Comparison of acute hospital care use for the year before entering the practice (pre-entry) with the most-recent 12-month period (May 1, 2010-April 30, 2011, postentry) for active and discharged patients.




All 248 frail elderly adults enrolled in the practice for at least 12 months who were living in the community and not in nursing homes in Victoria, British Columbia.


Primary geriatric care provided by a physician, nurse, and physiotherapist in participants' homes.


Acute hospital admissions, emergency department (ED) contacts that did not lead to admission, reason for leaving practice, and site of death.
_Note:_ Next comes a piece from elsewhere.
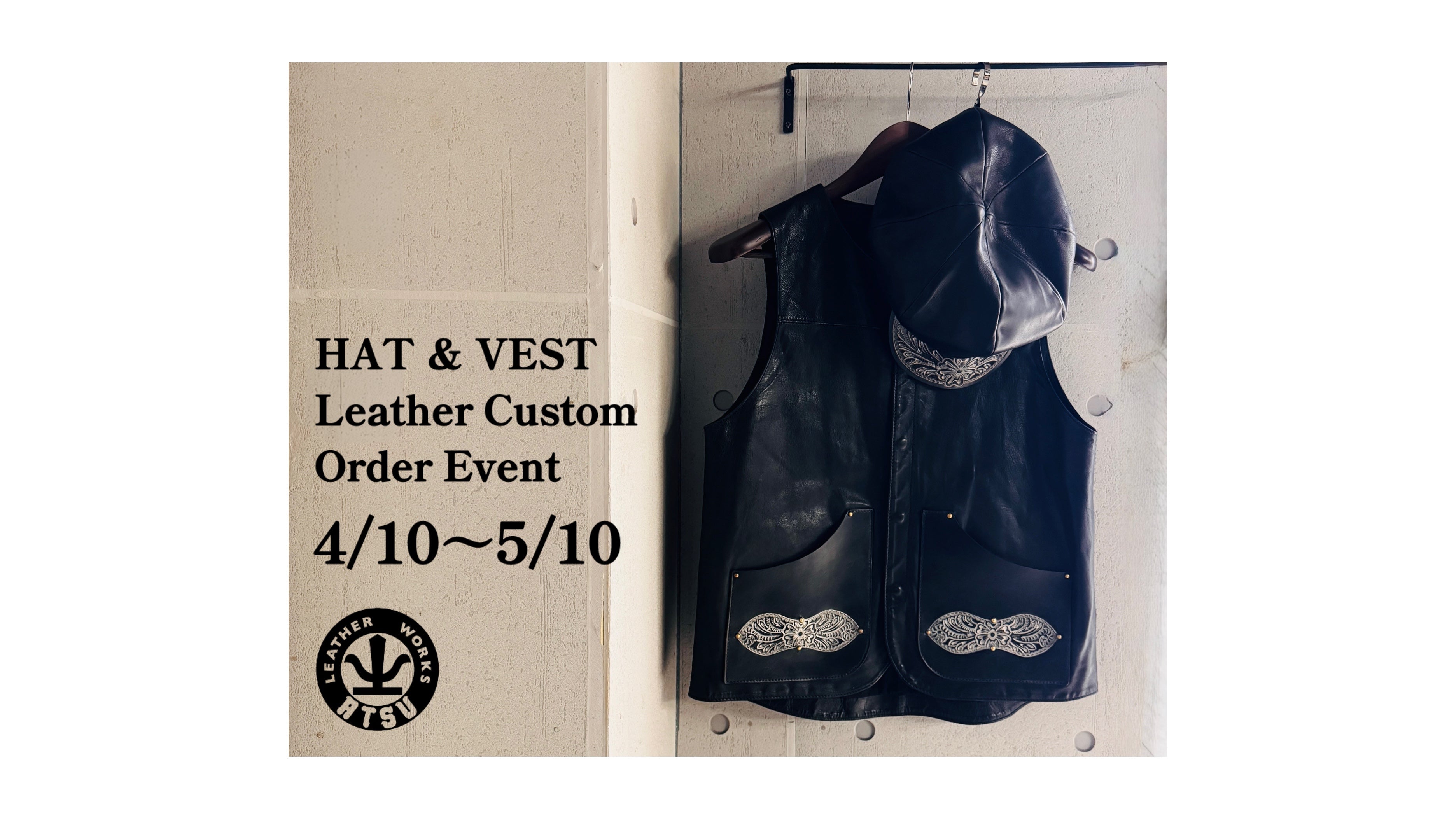 純銀の「The Ore ジ・オーア」を施した、ATSU LEATHER WORKSを代表するハット&ベストのレザーカスタムオーダー会を開催いたします。

There was a 39.7% (116 vs 70; P = .004) reduction in hospital admissions, 37.6% (1,700 vs 1,061; P = .04) reduction in hospital days, and 20% (120 vs 95; P = .20) reduction in ED contacts after entering the practice. Fifty participants were discharged from the practice, 64% (n = 32) of whom died, 20% (n = 10) moved, and 16% (n = 8) were admitted to nursing homes. Fifteen (46.9%) deaths occurred at home.


Primary Integrated Interdisciplinary Elder Care at Home may reduce acute hospital admissions and facilitate home deaths.